In sailuh/kaiaulu: Kaiaulu

Introduction

In this Vignette, we show how to download GitHub comments from both Issue and Pull Requests. This data may be useful if development communication occurs through issues or pull requests in GitHub in addition or instead of mailing lists. For details on how to merge various communication sources, see the reply_communication_showcase.Rmd notebook. The parsed communication table from GitHub comments by parse_github_comments has the same format as the mailing list and JIRA comments tables. In turn, the function expects as input the table generated at the end of this notebook.

This notebook assumes you are familiar with obtaining a GitHub token. For details, see the github_api_showcase.Rmd notebook. The functions in Kaiaulu will assume you have a token available, which can be passed as parameter.

rm(list = ls())
require(kaiaulu)
require(data.table)
require(jsonlite)
require(knitr)
require(magrittr)
require(gt)

GitHub Project's Comments

In this notebook, we are interested in obtaining comment data from the GitHub API. Development communication may occur in either issues or pull requests. The GitHub API Pulls documentation states that 'Comments on pull requests can be managed via the Issue Comments API. Every pull request is an issue, but not every issue is a pull request. For this reason, "shared" actions for both features, like manipulating assignees, labels and milestones, are provided within the Issues API.'

Further details are noted on the issue endpoint: 'Note: GitHub's REST API v3 considers every pull request an issue, but not every issue is a pull request. For this reason, "Issues" endpoints may return both issues and pull requests in the response. You can identify pull requests by the pull_request key. Be aware that the id of a pull request returned from "Issues" endpoints will be an issue id. To find out the pull request id, use the "List pull requests" endpoint.'

While the above is true for comments, the first message of every issue and every pull request (which also include a title) is not regarded by GitHub as a comment. For example, suppose one issue was opened by Author A, and contain only one reply by Author B. In this case, A and B established communication, and we would like this interaction to be reflected in the final table. However, if we were to only use the comments endpoint, we would only obtain Author's B comment, and not Author's A. The same is true in Pull Requests.

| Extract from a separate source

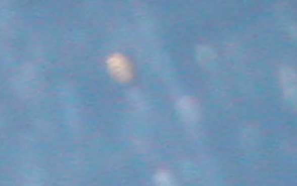 J'ai une photo prise lors d'un vol en avion ligne Air France, vol entre Montpellier et Clermont-Ferrand, France, le 5 octobre 2003 (vol 15h10>16h40). Cette photo est une vue du ciel au-dessus d'une mer de nuages couvrant le Massif Central avec en fond l'apparition d'un point sphérique. Si on tient compte d'une éventuelle déformation du hublot, il peut s'agir de la lune. Qui pourrait me dire si la lune était visible à cette heure à 290°? Je n'ai rien remarqué à ce moment-là. Je viens seulement de voir, en plaçant cette photo en fond d'écran sur mon Bureau Windows d'ordinateur, cet étrange élément. Bien entendu, j'assure que cette photo n'a subi aucune retouche. Je tiens la photo à votre disposition.Vous trouverez ci-joint 3 photos. La photo n° 2 est la photo "qui me pose problème", les deux photos 1 et 3 prises juste avant et après la précédente ne sont adressées que pour mettre en évidence une éventuelle déformation du hublot de l'avion, de l'objectif si c'était le cas (je n'en vois aucune). Avec un petit programme appelé Winstars, j'ai pu vérifier que la lune n'était pas visible à ce moment-là (sauf erreur de ma part).

Therefore, in this Notebook we have to rely on three endpoints from the GitHub API: The Issue endpoint to obtain the "first comment" of every issue, the Pull Request endpoint to obtain the "first comment" of every pull request, then finally the Issue and Pull Request Comment endpoint, which provides comments for both issue and pull requests together.

Project Configuration File

To use the pipeline, you must specify the organization and project of interest, and your token. Obtain a github token following the instructions here.

conf <- parse_config("../conf/kaiaulu.yml")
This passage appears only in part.